There is one complicating factor worth mentioning, which is the impact that international wholesale rates have on our fixed mortgage rates. Substantial falls in wholesale rates have seen fixed rates fall over the last few months, which could continue if uncertainty persists.

Breakeven (Implied Future Interest Rate) Table

Read last week’s post for an explanation of what this is, and how to use it.

No change on this front, as expected – it’s going to take a while for interest rate changes to propagate through the system. Of note is the two year fixed rate: if you fixed for one year now at 6.46%, you’d need one year rates to rise by 1% over the next year to be worse off than just fixing for two years now at 6.99%. Do you think this will happen? If not, the current two year rate would seem to be expensive.

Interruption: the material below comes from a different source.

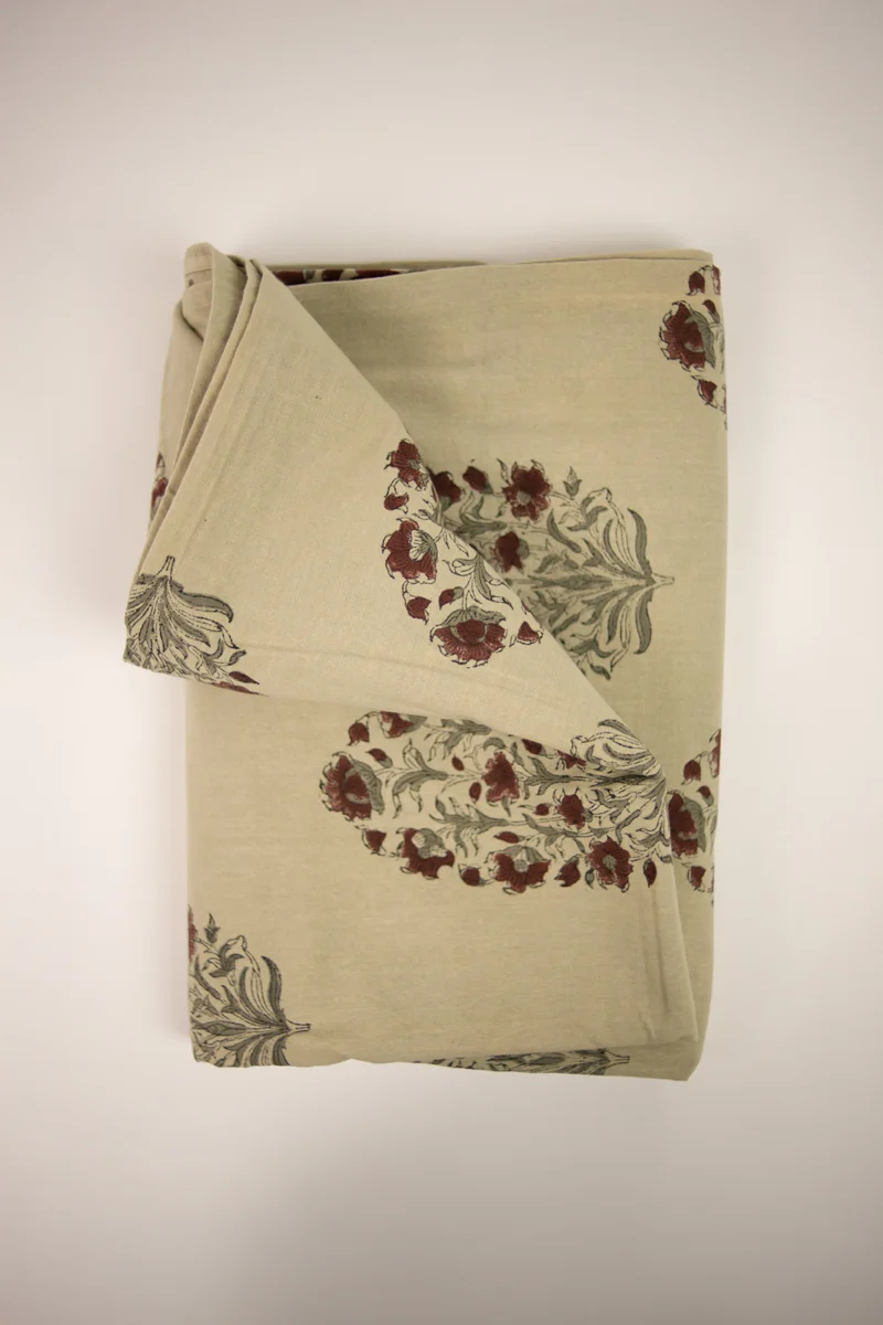 Bordsduk i 100% bomull, tillverkad med handgjord blocktrycksteknik.

Borrow For Now in 6 months in 1 year in 18 months in 2 years
Floating 6.00%
6 months 6.09% 6.82% 7.37% 7.66% 7.69%
1 year 6.46% 7.10% 7.52% 7.68% 7.83%
18 months 6.76% 7.28% 7.57% 7.77% 7.99%
2 years 6.99% 7.39% 7.67% 7.91% 8.15%
3 years 7.27% 7.64% 7.94% 8.13% 8.32%
4 years 7.57% 7.87% 8.12%
5 years 7.78%

From the Banks

ANZ have released their latest Property Update at http://anz.co.nz/commercial-institutional/economic-markets-research/property-focus/ (a good read), which includes the following:

“While floating rates have increased, fixed rates have fallen substantially in the past month, led by the long end. This has seen the difference between fixed and floating rates contract substantially. This raises the obvious question – is it worth fixing now that fixed rates have come down? With so much uncertainty about, especially in relation to the state of the housing market, we still favour the much lower floating rates.”

ANZ also goes on to validate much of what I wrote last week about when you should choose to fix or float (which is refreshing!), though they do complicate the issue by introducing the concept of a ‘liquidity’ or ‘term’ premium.

Just to further validate what I wrote last time, BNZ takes a different tack in Tony Alexander’s weekly update (http://bnz.co.nz/About_Us/1,1184,3-29-319.html?tid=PHPTonyAlexander):

“Our analysis still falls slightly in favour of fixing two or three years rather than floating. So personally I would fix three years expecting that by April next year the floating rate will be above the current three year fixed rate of 7.3%. The floating rate will probably be above the current two year fixed rate of 6.99% come March next year.”

Clearly ANZ and BNZ think different things, as will everyone else in the market – their aggregate views form the market expectations of interest rates. Thus the real question again becomes apparent when choosing to fix or float: do you think you’re correct about future interest rates, or the market?